[Data to examine]
======
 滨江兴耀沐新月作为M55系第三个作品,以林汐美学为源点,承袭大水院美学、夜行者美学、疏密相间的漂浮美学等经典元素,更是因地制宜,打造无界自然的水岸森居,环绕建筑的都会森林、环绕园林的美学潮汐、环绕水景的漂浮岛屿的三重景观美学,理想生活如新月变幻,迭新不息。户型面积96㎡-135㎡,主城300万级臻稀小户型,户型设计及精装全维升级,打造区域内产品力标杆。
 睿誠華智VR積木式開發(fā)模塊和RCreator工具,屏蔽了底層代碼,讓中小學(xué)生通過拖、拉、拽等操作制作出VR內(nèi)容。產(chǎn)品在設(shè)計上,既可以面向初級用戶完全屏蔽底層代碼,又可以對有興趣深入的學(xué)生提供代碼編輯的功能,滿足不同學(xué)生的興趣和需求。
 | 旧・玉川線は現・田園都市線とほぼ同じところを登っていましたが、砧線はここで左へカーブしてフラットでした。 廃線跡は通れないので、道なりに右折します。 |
======
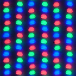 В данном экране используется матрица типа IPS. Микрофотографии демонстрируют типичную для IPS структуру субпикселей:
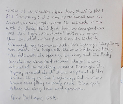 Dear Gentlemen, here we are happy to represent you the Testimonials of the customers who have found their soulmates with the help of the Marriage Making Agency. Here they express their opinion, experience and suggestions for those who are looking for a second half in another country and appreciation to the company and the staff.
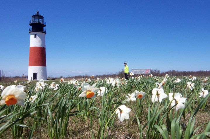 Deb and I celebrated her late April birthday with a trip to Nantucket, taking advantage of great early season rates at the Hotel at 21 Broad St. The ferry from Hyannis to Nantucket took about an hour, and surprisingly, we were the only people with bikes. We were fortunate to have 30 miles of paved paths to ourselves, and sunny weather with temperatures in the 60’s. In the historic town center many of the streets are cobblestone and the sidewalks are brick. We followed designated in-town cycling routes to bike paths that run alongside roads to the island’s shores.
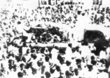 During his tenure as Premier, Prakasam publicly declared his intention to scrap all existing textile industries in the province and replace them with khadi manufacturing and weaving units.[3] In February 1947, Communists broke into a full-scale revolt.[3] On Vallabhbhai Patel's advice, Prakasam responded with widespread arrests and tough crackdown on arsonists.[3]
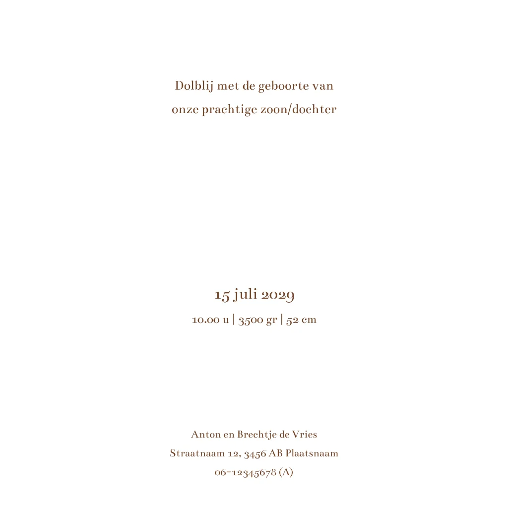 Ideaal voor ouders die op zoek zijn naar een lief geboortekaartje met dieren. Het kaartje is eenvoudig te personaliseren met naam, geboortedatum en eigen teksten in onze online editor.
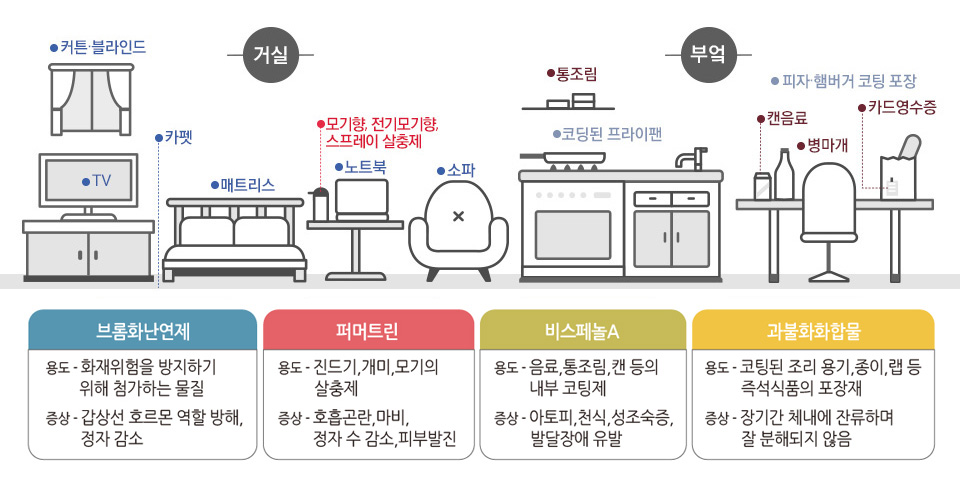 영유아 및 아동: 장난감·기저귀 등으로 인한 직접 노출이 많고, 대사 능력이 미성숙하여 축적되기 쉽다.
======
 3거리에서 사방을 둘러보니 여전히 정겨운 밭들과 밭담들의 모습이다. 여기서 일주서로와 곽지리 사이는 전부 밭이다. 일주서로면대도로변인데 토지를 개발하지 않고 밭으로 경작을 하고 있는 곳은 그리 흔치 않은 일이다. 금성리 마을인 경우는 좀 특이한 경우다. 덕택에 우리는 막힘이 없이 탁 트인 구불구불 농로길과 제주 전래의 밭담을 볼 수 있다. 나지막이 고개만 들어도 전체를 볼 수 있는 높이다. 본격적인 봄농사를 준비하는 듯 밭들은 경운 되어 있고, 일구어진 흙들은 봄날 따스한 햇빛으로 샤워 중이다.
======
[Exercise objective]
Leaving all pictures out, output exactly the lines of the material above from the line with "During his tenure" to the line with "영유아 및 아동: 장난감·기저귀", both included.

[Output of the task]
 During his tenure as Premier, Prakasam publicly declared his intention to scrap all existing textile industries in the province and replace them with khadi manufacturing and weaving units.[3] In February 1947, Communists broke into a full-scale revolt.[3] On Vallabhbhai Patel's advice, Prakasam responded with widespread arrests and tough crackdown on arsonists.[3]
 Ideaal voor ouders die op zoek zijn naar een lief geboortekaartje met dieren. Het kaartje is eenvoudig te personaliseren met naam, geboortedatum en eigen teksten in onze online editor.
 영유아 및 아동: 장난감·기저귀 등으로 인한 직접 노출이 많고, 대사 능력이 미성숙하여 축적되기 쉽다.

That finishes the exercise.